(Records excerpted from a collection)
========================================

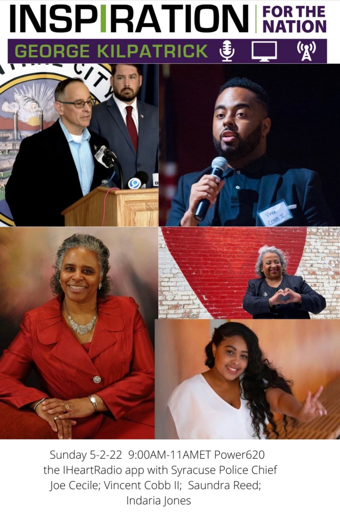 Join me Sunday morning 5/1/22 9 AM -11 AM EST for Inspiration for the Nation Syracuse Police Chief Joe Cecile shares his plan and vision for the city; it’s a Mother’s Day jam with Indaria Jones and Ready entertainment; There are money moves you need to know with Vicki Brackens; and looking to train the next generation of black male teachers with Vincent Cobb II and Saundra Reed. Join me Sunday morning 9 AM to 11 A ET on Power620 and the iHeart radio app.
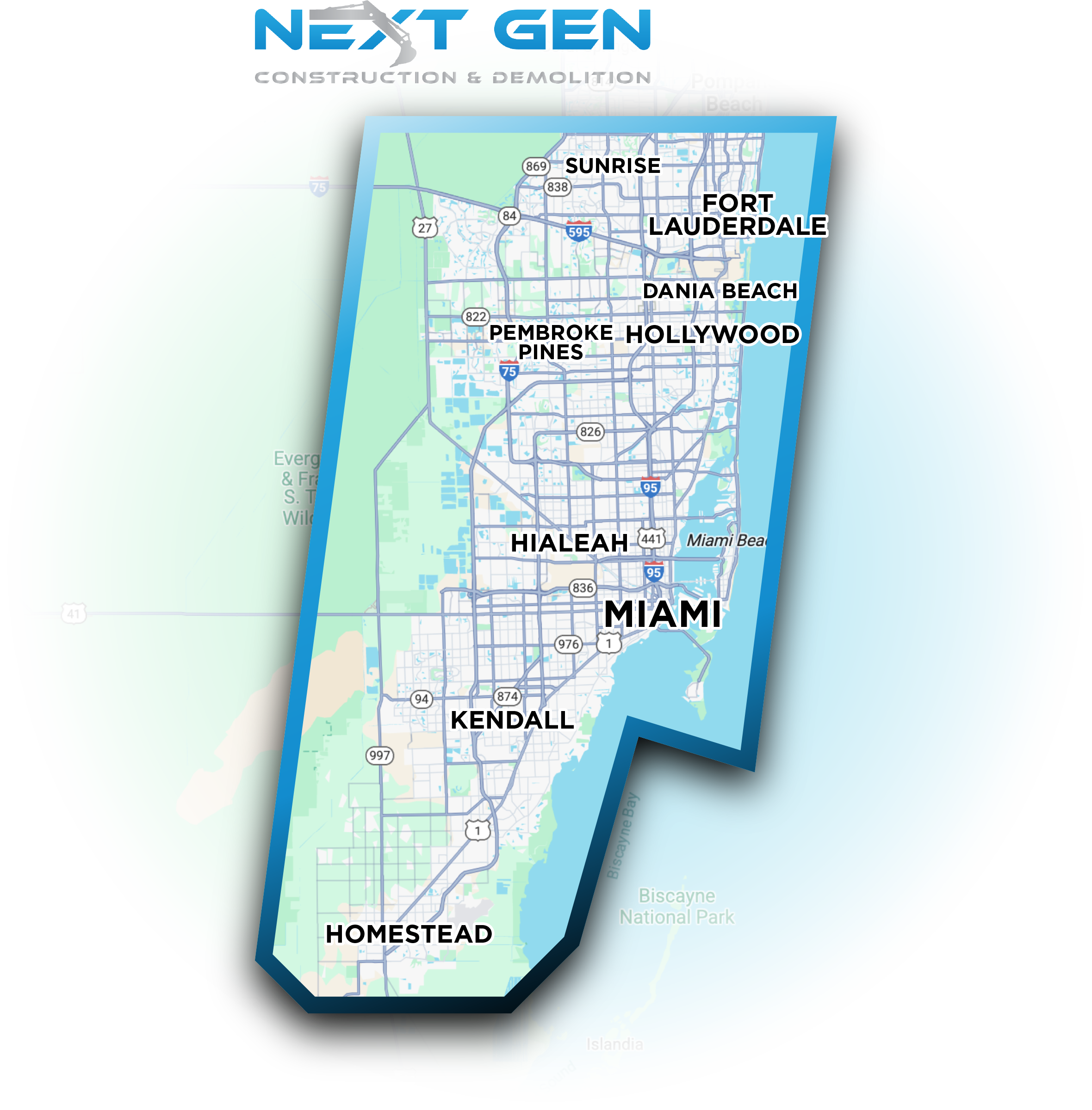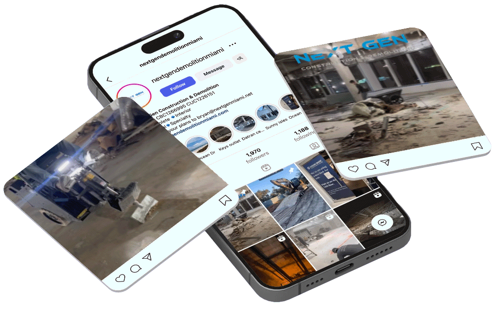 Next Gen Miami is a father-and-son team with 20+ years of experience handling high-stakes demolition projects across Florida. Our licensed crew delivers fast, safe results with the precision GCs need to stay on schedule and on budget. We’re more than a subcontractor—we’re a trusted partner from estimate to cleanup.
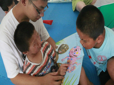 上午八点,济南大学教育与心理科学学院“月白澹芙蓉,倾情暖星语”实践团准备好书籍,等待孩子们的到来。八点半,星语培智中心的负责人代表全体师生接受了实践团的书籍馈赠,并向实践团表示了真挚的感谢之情。等孩子们上完一天的基本课程,成员与孩子们坐在一起,与他们一起阅读童话故事《变色龙》、《了不起的狐狸爸爸》等。孩子们对书籍的内容抱有极大的兴趣,成员们声情并茂,为孩子们阅读书上的内容。面对孩子们的问题,他们耐心解答,用孩子们能接受的语言去表达。活动最后,成员代表进行了“阅读经典书籍”宣讲活动,告诉孩子们阅读不仅可以了解外面的世界,也可以从中参透许多的道理、规矩。希望在未来的日子里,孩子们可以保持对书籍的兴趣,对阅读的热爱。
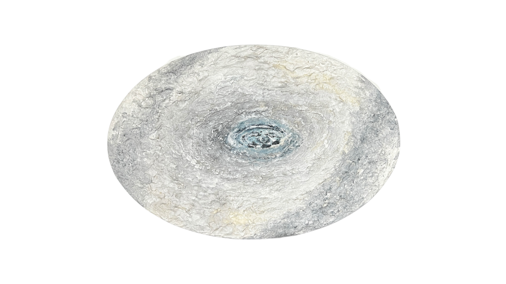 Viene de la obra Sentido, un pequeño lienzo que necesitaba crecer en este ovalado.
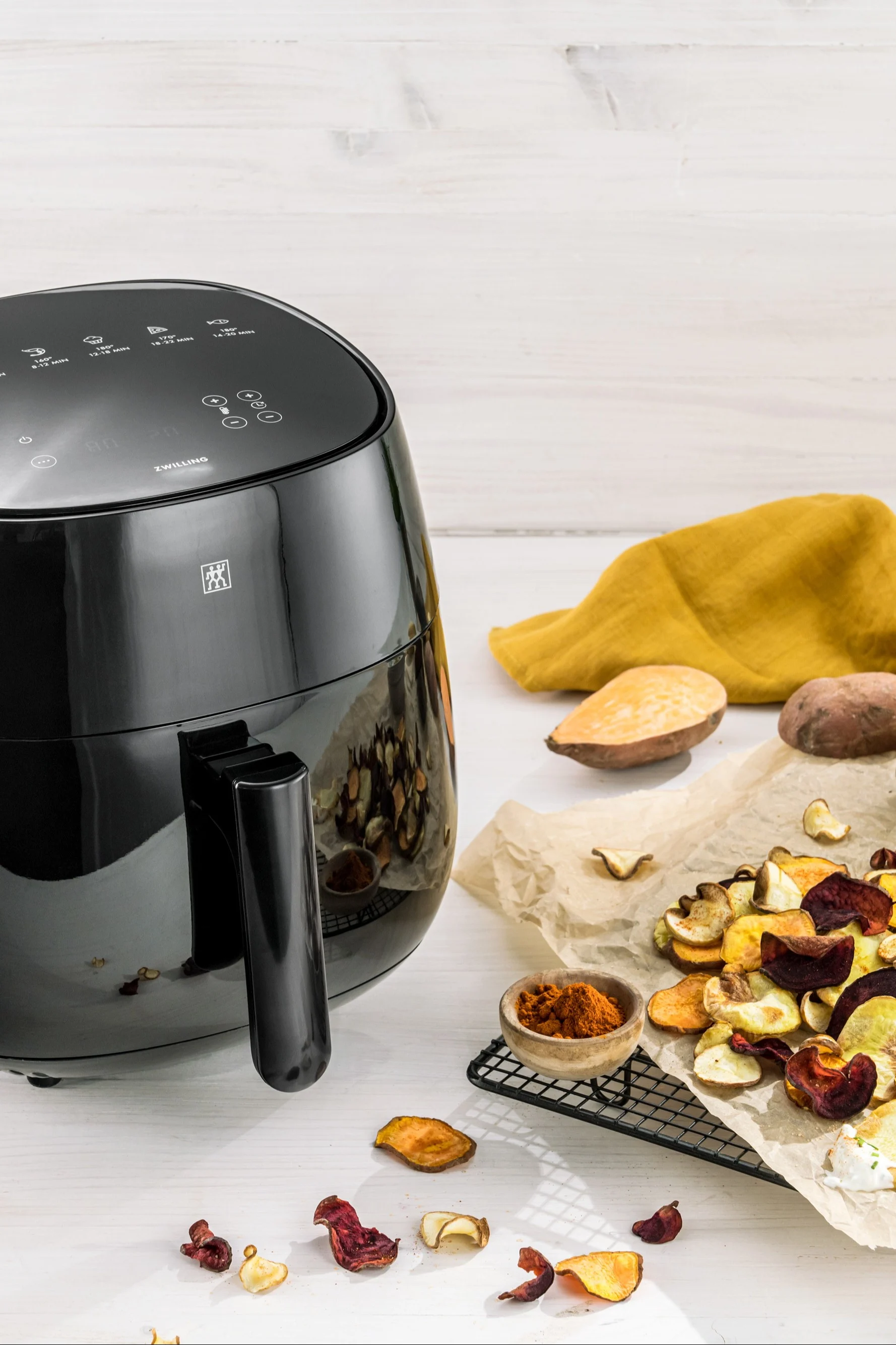 Tips! Arbejd med teksturer i din madlavning, og snit zucchini med et mandolinjern. Stykkerne friteres herefter i din airfryer og kan anvendes som topping til den respektive ret.

========================================

> **What to produce**
The answer is the entries above, given again exactly, with no pictures among them.

> **Response below**
 Join me Sunday morning 5/1/22 9 AM -11 AM EST for Inspiration for the Nation Syracuse Police Chief Joe Cecile shares his plan and vision for the city; it’s a Mother’s Day jam with Indaria Jones and Ready entertainment; There are money moves you need to know with Vicki Brackens; and looking to train the next generation of black male teachers with Vincent Cobb II and Saundra Reed. Join me Sunday morning 9 AM to 11 A ET on Power620 and the iHeart radio app.
 Next Gen Miami is a father-and-son team with 20+ years of experience handling high-stakes demolition projects across Florida. Our licensed crew delivers fast, safe results with the precision GCs need to stay on schedule and on budget. We’re more than a subcontractor—we’re a trusted partner from estimate to cleanup.
 上午八点,济南大学教育与心理科学学院“月白澹芙蓉,倾情暖星语”实践团准备好书籍,等待孩子们的到来。八点半,星语培智中心的负责人代表全体师生接受了实践团的书籍馈赠,并向实践团表示了真挚的感谢之情。等孩子们上完一天的基本课程,成员与孩子们坐在一起,与他们一起阅读童话故事《变色龙》、《了不起的狐狸爸爸》等。孩子们对书籍的内容抱有极大的兴趣,成员们声情并茂,为孩子们阅读书上的内容。面对孩子们的问题,他们耐心解答,用孩子们能接受的语言去表达。活动最后,成员代表进行了“阅读经典书籍”宣讲活动,告诉孩子们阅读不仅可以了解外面的世界,也可以从中参透许多的道理、规矩。希望在未来的日子里,孩子们可以保持对书籍的兴趣,对阅读的热爱。
 Viene de la obra Sentido, un pequeño lienzo que necesitaba crecer en este ovalado.
 Tips! Arbejd med teksturer i din madlavning, og snit zucchini med et mandolinjern. Stykkerne friteres herefter i din airfryer og kan anvendes som topping til den respektive ret.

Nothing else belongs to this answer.